For the first question, Aria calls check_inbox, gets back Jane's real email text, and answers based on that actual content — she'll mention Jane by name and reference the coffee invite specifically, because she's working from real data, not a guess. For the second question, Aria just answers directly from her own knowledge — there was nothing for the tool to help with, so she never calls it. This is exactly the behavior we want: the tool gets used when it's relevant, and ignored otherwise.

Looking Under the Hood: Inspecting Tool Calls

How do we know, for certain, that the tool was actually called rather than Aria just making something up that happened to sound plausible? We can inspect the full message history.

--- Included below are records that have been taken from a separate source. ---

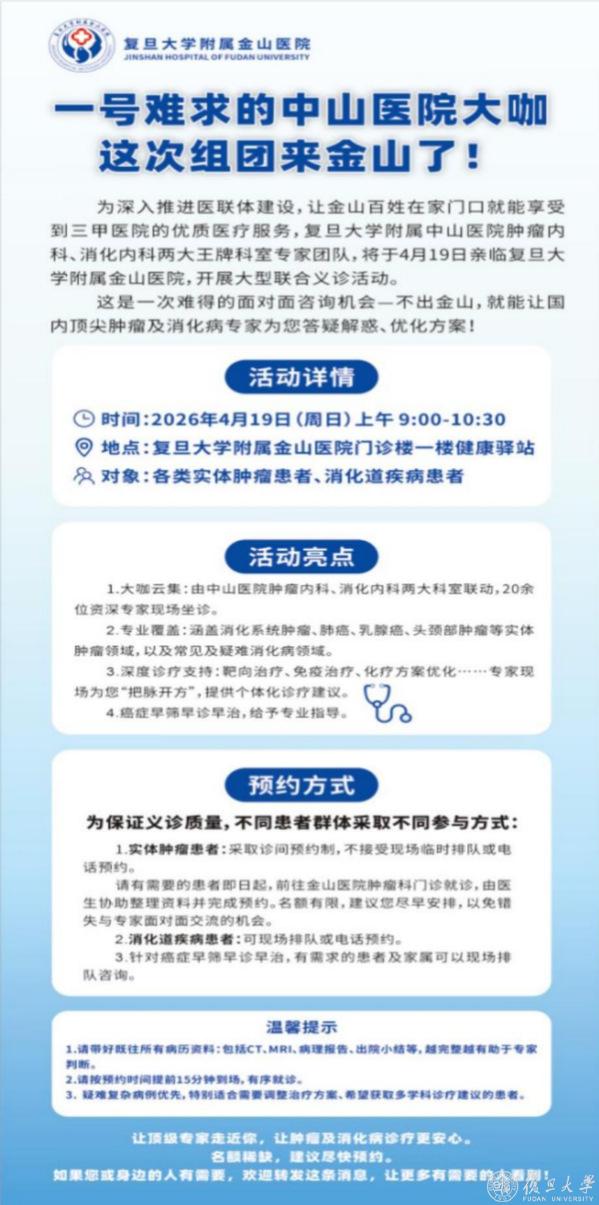 全国肿瘤防治宣传周期间,金山医院紧扣“早筛早诊早治”主题,将于4月19日牵头联合医联体单位中山医院、金山卫镇社区卫生服务中心,在金山医院门诊健康驿站开展大型联合义诊及党建活动。
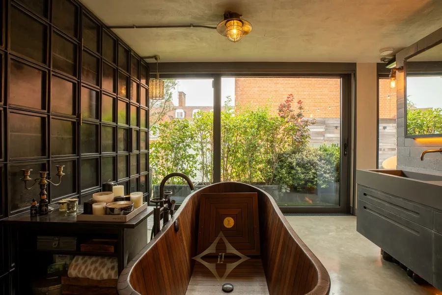 The car slows as you turn onto Lawn Lane. Ahead, a grand Victorian warehouse stands with quiet confidence, its brickwork softened by time. Through a gated forecourt, the concierge greets you and guides you to the lift. The doors close, carrying you above the park until they open into a private hallway bathed in natural light. A few steps forward and the space unfolds like a gallery opening. Ceilings rise to twenty feet, drawing the eye to an immense arch of Crittall glazing that frames the park in a single, living composition. Polished concrete floors flow seamlessly beneath you, catching the movement of light as the day passes. Sunlight drapes across steel beams, the deep texture of Shou Sugi Ban cabinetry, and the sculptural granite island, a place to gather over a bottle of Sassicaia before moving to the terrace for dinner. Behind a weighted steel screen, the preparation kitchen and pantry stand ready, ensuring every occasion is as effortless as it is memorable. Beyond the glass doors, the first of three private terraces invites a slower rhythm. The air is still, carrying the faint green scent of the park below. From here, step into a guest suite that feels like a discreet wing of the home, its rough-rendered walls catching the afternoon light. In the en-suite, a porthole window nods playfully to the building’s industrial heritage, the kind of detail that sparks conversation. The steel staircase curves upward, its treads illuminated by the atrium above. At the galleried landing, three bedroom suites each open onto their own terrace, offering a private moment with the skyline. The principal suite is a place to retreat, its dressing room leading to a semi-open-plan bathroom where Italian-tiled walls frame a handcrafted teak bath, made by an Estonian boatmaker to hold the warmth of the water as you linger with a book and a glass of wine. Step out to the upper terrace and the view is uninterrupted. The Shard and the City rise in the distance, while the park below turns to gold in the evening light. Every element has been considered. Acoustic insulation hushes the city. Lutron lighting shifts the mood from sunrise to nightfall. Air conditioning and underfloor heating keep the home comfortable in every season. Life here flows with ease. Mornings might begin with coffee in Bonnington Square, followed by a short walk to Vauxhall Station for a swift connection to the West End or the City. Return to find the concierge has received your deliveries. Evenings could be spent at Battersea Power Station, along the South Bank, or at one of Westminster’s cultural landmarks. Eurostar at St Pancras is within half an hour for weekends in Paris, while Heathrow, Gatwick and City airports are just as accessible for longer escapes. And always, the return, the quiet of the penthouse, the terraces lit against the skyline, and the sense that there is nowhere else you would rather be.
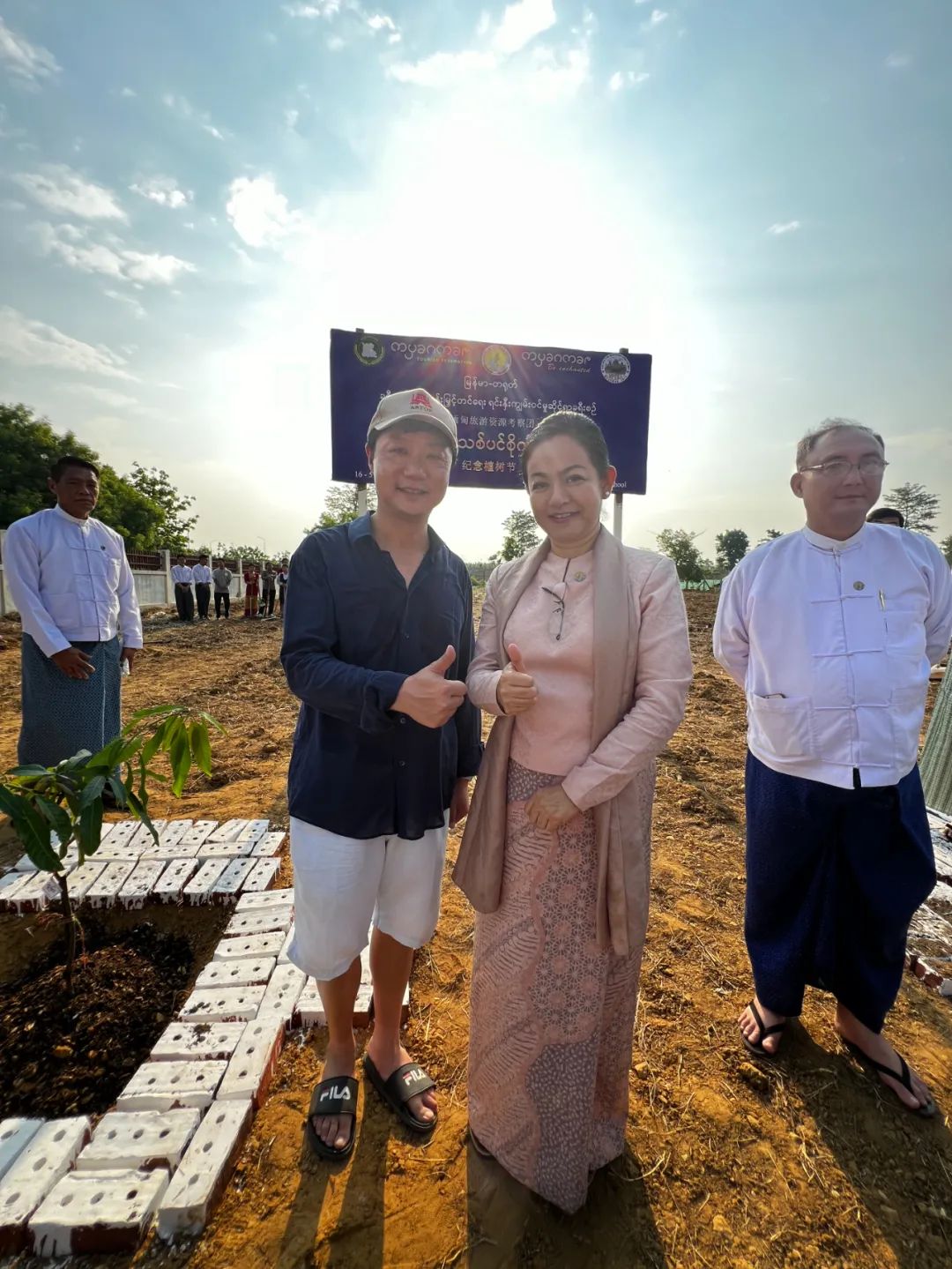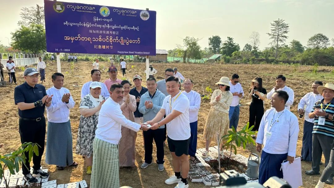 会谈后,代表团一行还参与了在内比都举行的植树活动,共同种下中缅友谊树林。缅甸旅游酒店部部长亲自参与了植树活动,进一步象征着两国间的友好合作关系。同时,在旅游酒店部长的见证下,缅中旅游资源考察团向缅方进行了慈善捐助,显示了双方在促进社会和文化交流方面的诚意和努力。
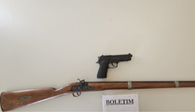 Segundo informações policiais, ciente da situação, os policiais se deslocaram até o local. Após a chegada, a guarnição abordou o proprietário do bar, que confessou possuir uma espingarda de fabricação artesanal e um simulacro de pistola.
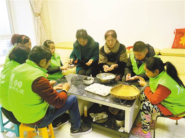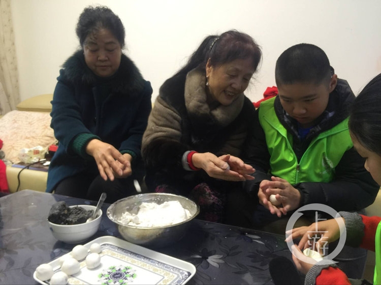 ????11日,9歲的王洪佳起了個大早,把當天的作業(yè)做好后,就拉著爸爸來到住在大渡口九宮廟街道百花社區(qū),她要和其他小朋友一起,提前和中央文明辦評選的2015年度“中國好人”覃婆婆包湯圓"過春節(jié)"。

# Purpose: Confirm exactly what tool was called, and with what arguments
# Context: Useful for debugging and for understanding what actually happened
# Input: The response from the inbox question above
# Output: The structured tool call details, not just the final text

from pprint import pprint

# The full conversation, including the tool call and its result
pprint(response_one["messages"])

# The AI message that requested the tool call specifically
# tool_calls is a list because an agent can call multiple tools at once
ai_message_with_tool_call = response_one["messages"][1]
print(ai_message_with_tool_call.tool_calls)

You'll see something like [{'name': 'check_inbox', 'args': {}, 'id': '...'}] — concrete, inspectable proof of exactly which tool was called and with what arguments. This isn't just useful for learning; it's how you'll debug real tool-calling agents when something doesn't behave the way you expect.

Common Misconceptions

❌ Misconception: Giving an agent a tool means the tool runs on every message

Reality: The agent decides, per-question, whether a given tool is relevant. Adding a tool to tools=[...] makes it available, not mandatory.

Why this matters: If you ask Aria something unrelated to email, she won't call check_inbox just because it exists — and that's correct behavior, not a bug.

Example:

# ❌ Wrong assumption: "I gave Aria a tool, so every response will use it"
# ✅ Correct: Aria evaluates relevance per-message and calls tools only when needed

Explanation: This is what makes tool-calling agents useful instead of rigid — the model is making a judgment call about relevance every time, the same way a human assistant would decide whether they need to actually go check something versus just answering from what they already know.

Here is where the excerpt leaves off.